Instructions to follow:
From the data below, return only the lines from the one with "Albert Camus Quotes" through the one with "Tumorile secundare ale", exact and inclusive, with pictures left out.

Exercise data:

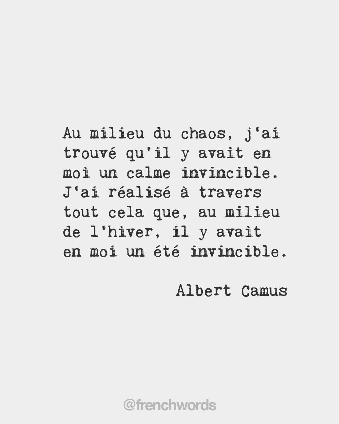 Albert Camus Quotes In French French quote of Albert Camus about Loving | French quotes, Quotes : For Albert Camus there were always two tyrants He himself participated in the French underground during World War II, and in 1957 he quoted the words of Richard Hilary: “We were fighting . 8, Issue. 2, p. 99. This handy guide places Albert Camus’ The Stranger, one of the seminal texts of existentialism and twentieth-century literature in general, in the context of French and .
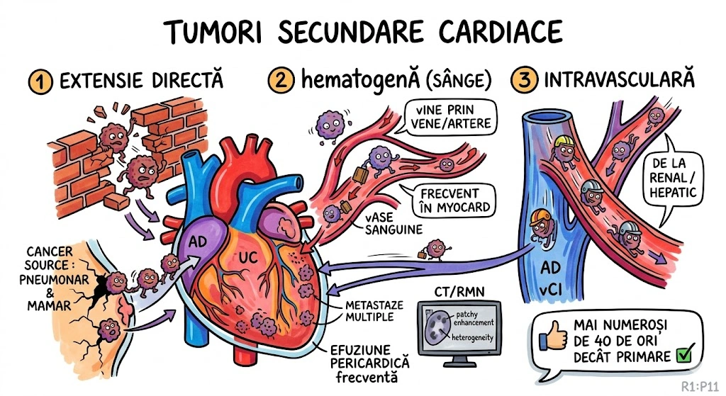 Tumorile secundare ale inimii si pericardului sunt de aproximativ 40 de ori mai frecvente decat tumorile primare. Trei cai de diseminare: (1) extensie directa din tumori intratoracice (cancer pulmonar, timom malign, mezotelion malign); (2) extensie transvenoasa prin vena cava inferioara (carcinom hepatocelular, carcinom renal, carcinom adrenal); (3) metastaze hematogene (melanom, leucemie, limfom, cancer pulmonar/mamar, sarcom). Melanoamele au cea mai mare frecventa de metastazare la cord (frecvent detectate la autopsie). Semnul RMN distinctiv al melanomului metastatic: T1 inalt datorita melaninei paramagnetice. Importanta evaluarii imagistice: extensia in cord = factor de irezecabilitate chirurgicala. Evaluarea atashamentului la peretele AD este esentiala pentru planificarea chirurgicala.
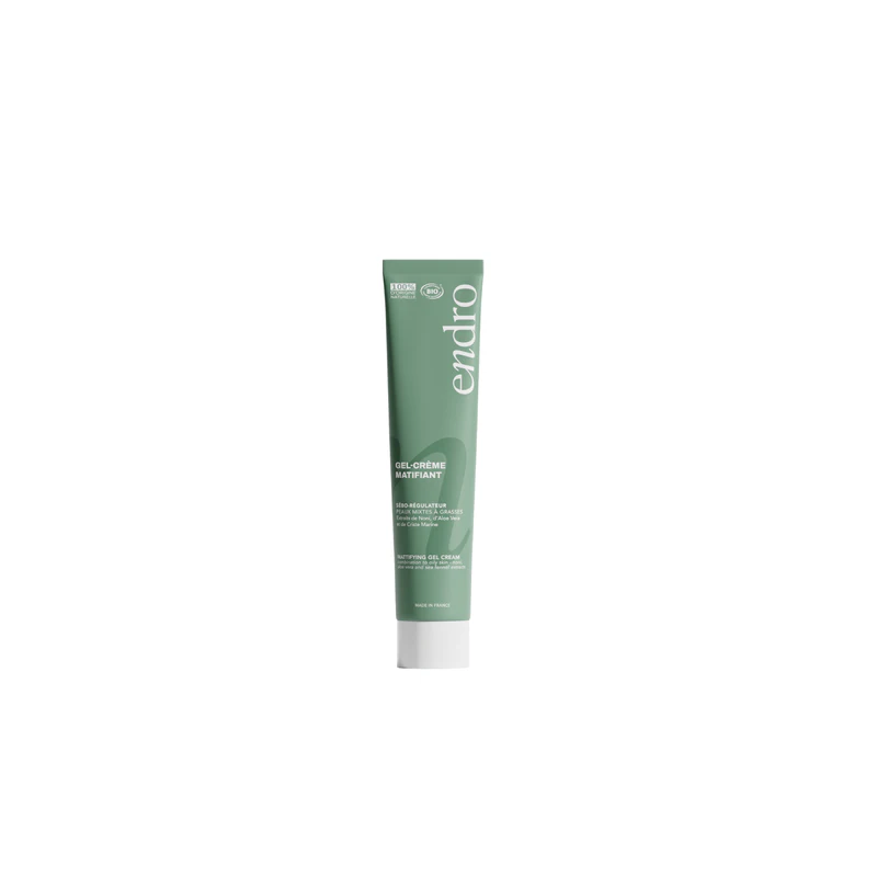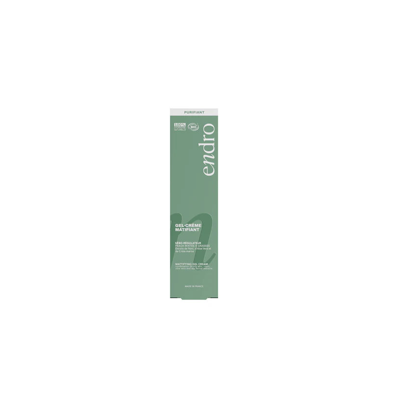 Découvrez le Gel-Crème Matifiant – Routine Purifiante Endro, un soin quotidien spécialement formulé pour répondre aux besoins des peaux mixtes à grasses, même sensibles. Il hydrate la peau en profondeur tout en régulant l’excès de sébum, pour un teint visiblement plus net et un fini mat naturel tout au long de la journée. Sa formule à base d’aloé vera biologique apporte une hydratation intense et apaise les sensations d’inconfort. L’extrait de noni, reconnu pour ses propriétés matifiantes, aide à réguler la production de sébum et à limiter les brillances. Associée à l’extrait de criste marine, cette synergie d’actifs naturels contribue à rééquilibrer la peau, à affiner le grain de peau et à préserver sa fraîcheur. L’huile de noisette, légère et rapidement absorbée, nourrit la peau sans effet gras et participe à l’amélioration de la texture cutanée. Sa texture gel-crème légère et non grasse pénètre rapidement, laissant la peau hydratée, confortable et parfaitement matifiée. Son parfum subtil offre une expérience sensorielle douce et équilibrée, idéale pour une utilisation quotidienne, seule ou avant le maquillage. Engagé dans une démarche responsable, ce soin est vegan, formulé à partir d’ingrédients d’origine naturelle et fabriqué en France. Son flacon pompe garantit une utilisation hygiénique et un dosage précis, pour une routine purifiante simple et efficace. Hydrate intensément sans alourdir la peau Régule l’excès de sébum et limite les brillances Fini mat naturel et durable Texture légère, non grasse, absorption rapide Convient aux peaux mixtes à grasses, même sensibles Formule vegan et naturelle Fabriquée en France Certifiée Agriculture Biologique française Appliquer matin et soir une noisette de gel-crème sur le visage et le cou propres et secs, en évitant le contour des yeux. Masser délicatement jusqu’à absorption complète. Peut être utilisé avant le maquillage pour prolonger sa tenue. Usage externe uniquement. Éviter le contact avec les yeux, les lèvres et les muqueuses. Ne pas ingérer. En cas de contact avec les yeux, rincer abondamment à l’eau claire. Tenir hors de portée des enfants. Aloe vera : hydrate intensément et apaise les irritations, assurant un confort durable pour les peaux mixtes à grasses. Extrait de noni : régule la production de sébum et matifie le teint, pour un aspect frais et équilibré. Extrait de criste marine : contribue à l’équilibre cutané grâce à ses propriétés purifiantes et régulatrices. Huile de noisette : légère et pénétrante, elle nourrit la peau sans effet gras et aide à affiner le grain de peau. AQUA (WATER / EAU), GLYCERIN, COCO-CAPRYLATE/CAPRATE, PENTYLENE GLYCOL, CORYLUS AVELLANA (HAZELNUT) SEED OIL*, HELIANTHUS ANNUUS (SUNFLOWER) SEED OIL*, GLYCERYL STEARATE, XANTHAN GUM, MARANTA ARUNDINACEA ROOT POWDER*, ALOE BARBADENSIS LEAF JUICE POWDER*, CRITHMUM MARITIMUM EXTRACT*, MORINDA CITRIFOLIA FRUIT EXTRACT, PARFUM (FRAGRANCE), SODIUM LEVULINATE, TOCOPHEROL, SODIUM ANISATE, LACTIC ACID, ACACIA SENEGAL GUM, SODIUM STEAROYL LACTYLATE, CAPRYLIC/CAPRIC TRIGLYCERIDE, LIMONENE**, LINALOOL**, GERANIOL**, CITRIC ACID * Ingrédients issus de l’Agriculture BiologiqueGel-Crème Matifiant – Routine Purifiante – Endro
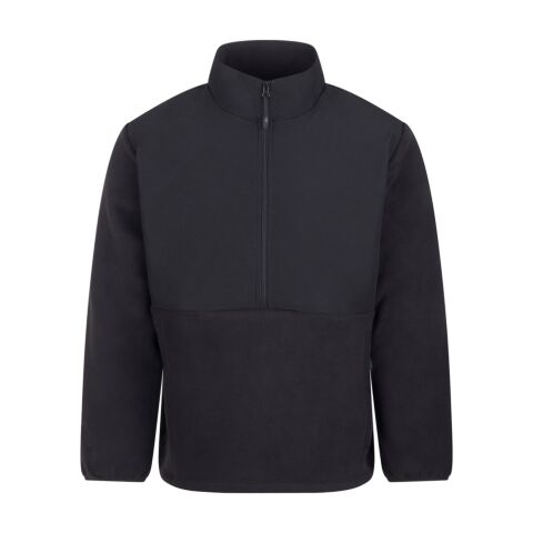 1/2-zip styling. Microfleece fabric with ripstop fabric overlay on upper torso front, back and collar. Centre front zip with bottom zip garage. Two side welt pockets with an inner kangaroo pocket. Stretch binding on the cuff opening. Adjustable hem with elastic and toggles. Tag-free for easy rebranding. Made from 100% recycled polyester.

* * *

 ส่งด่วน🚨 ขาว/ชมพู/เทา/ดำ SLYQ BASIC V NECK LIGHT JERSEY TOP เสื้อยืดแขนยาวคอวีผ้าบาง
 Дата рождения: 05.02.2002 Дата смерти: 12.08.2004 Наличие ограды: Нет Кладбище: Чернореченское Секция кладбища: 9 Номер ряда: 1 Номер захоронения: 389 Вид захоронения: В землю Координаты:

Your solution:
 Albert Camus Quotes In French French quote of Albert Camus about Loving | French quotes, Quotes : For Albert Camus there were always two tyrants He himself participated in the French underground during World War II, and in 1957 he quoted the words of Richard Hilary: “We were fighting . 8, Issue. 2, p. 99. This handy guide places Albert Camus’ The Stranger, one of the seminal texts of existentialism and twentieth-century literature in general, in the context of French and .
 Tumorile secundare ale inimii si pericardului sunt de aproximativ 40 de ori mai frecvente decat tumorile primare. Trei cai de diseminare: (1) extensie directa din tumori intratoracice (cancer pulmonar, timom malign, mezotelion malign); (2) extensie transvenoasa prin vena cava inferioara (carcinom hepatocelular, carcinom renal, carcinom adrenal); (3) metastaze hematogene (melanom, leucemie, limfom, cancer pulmonar/mamar, sarcom). Melanoamele au cea mai mare frecventa de metastazare la cord (frecvent detectate la autopsie). Semnul RMN distinctiv al melanomului metastatic: T1 inalt datorita melaninei paramagnetice. Importanta evaluarii imagistice: extensia in cord = factor de irezecabilitate chirurgicala. Evaluarea atashamentului la peretele AD este esentiala pentru planificarea chirurgicala.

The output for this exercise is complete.